Draft Genome Sequence of Pseudomonas sp. Strain LFM046, a Producer of Medium-Chain-Length Polyhydroxyalkanoate.

Pseudomonas sp. LFM046 is a medium-chain-length polyhydroxyalkanoate (PHAMCL) producer capable of using various carbon sources (carbohydrates, organic acids, and vegetable oils) and was first isolated from sugarcane cultivation soil in Brazil. The genome sequence was found to be 5.97 Mb long with a G+C content of 66%.

GENOME ANNOUNCEMENT

Pseudomonas sp. LFM046 was isolated from sugarcane soil in Brazil as a polyhydroxyalkanoate (PHAMCL) producer (1), presenting outstanding performance in producing such polymers from carbohydrates (2, 3) or plant oils (4) when compared to the reference strain Pseudomonas putida KT2440. Previous flux analysis of central metabolism using [U-13C]glucose revealed an atypical behavior (5), suggesting that Pseudomonas sp. LFM046 could be a new platform for the synthesis of other biobased products.

The strain’s whole-genome DNA was extracted using a DNeasy blood and tissue kit (Qiagen, Valencia, CA, USA) and quantified using Qubit 2.0 fluorometer (Life Technology, USA). We obtained 550-bp DNA fragments using Covaris S2 (Covaris, Inc.), subsequently visualized on agarose gel electrophoresis, and quantified using a Qubit 2.0 fluorometer. A paired-end sequencing library was constructed using a True Seq DNA PCR Free LT sample preparation kit (Illumina, San Diego, CA, USA). Library insert size was verified using a 2100 Bioanalyzer (Agilent Technologies, USA) and quantified by real-time PCR (qPCR) using a library quantification kit for the Illumina genome analyzer (KAPA Biosystems, Massachusetts, USA). The sequencing library was prepared according to the manufacturer’s protocols and sequenced on an Illumina MiSeq sequencer (Illumina, San Diego, CA, USA).
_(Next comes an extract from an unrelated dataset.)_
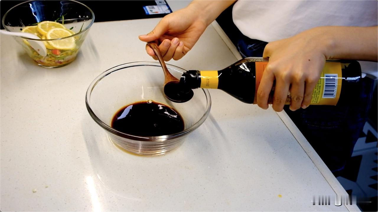 2-凉拌汁调制:2大勺生抽、2小勺陈醋、1小勺老抽、少许盐、适量柠檬汁、少许白芝麻

A total of 3,700,436 reads (forward and reverse) were generated, decreasing to 3,032,982 reads after quality control using Galaxy software (https://usegalaxy.org/). De novo genome assembly was performed using Velvet Assembly (6) (considering k-mer = 97, cov k-mer = 22, and reads > 200 bp), and contig annotation was carried out using the Rapid Annotation Subsystem Technology (RAST) server (7). A draft genome composed of 34 contigs was obtained with a maximum contig size of 1,038,386 bp and an N50 contig of 640,128 bp. The genome was found to be 5,970,318 bp long with 60-fold coverage and a G+C content of 66%; 5,440 coding sequences and 75 RNAs were annotated. Four hundred forty-five genes were related to carbohydrate metabolism, including 204 genes involved in carbohydrate central metabolism, organized as peripheral glucose catabolism (8 genes); methylglyoxal metabolism (43 genes); pyruvate metabolism II: acetyl-CoA, acetogenesis from pyruvate (37 genes); pyruvate-alanine-serine interconversions (16 genes); glyoxylate bypass (8 genes); glycolysis and gluconeogenesis (13 genes); Entner-Doudoroff pathway (16 genes); dehydrogenase complexes (15 genes); TCA cycle (18 genes); pyruvate metabolism I: anaplerotic reactions, PEP (12 genes); pentose phosphate pathway (10 genes); and glycolate-glyoxylate interconversions (8 genes).

The presence of genes from β-oxidation and biosynthesis of fatty acids were also investigated since they contribute precursors to PHAMCL biosynthesis from plant oils and carbohydrates, respectively. Thirty-six genes from β-oxidation and 46 from fatty acids biosynthesis were identified. The fine prediction and annotation of genes involved in PHAMCL biosynthesis, carbohydrates, and fatty acid catabolism are in progress to build up a genomic scale metabolic network. To improve PHAMCL production and evaluate the potential of the strain to generate new biotechnological compounds, in silico experiments considering the resulting network are being conducted.

Nucleotide sequence accession numbers.

The contig sequences generated from the whole-genome sequence of Pseudomonas sp. LFM046 were deposited in the DDBJ/EMBL/GenBank database under the accession number JYKO00000000. The version described in this paper is the first version, JYKO01000000.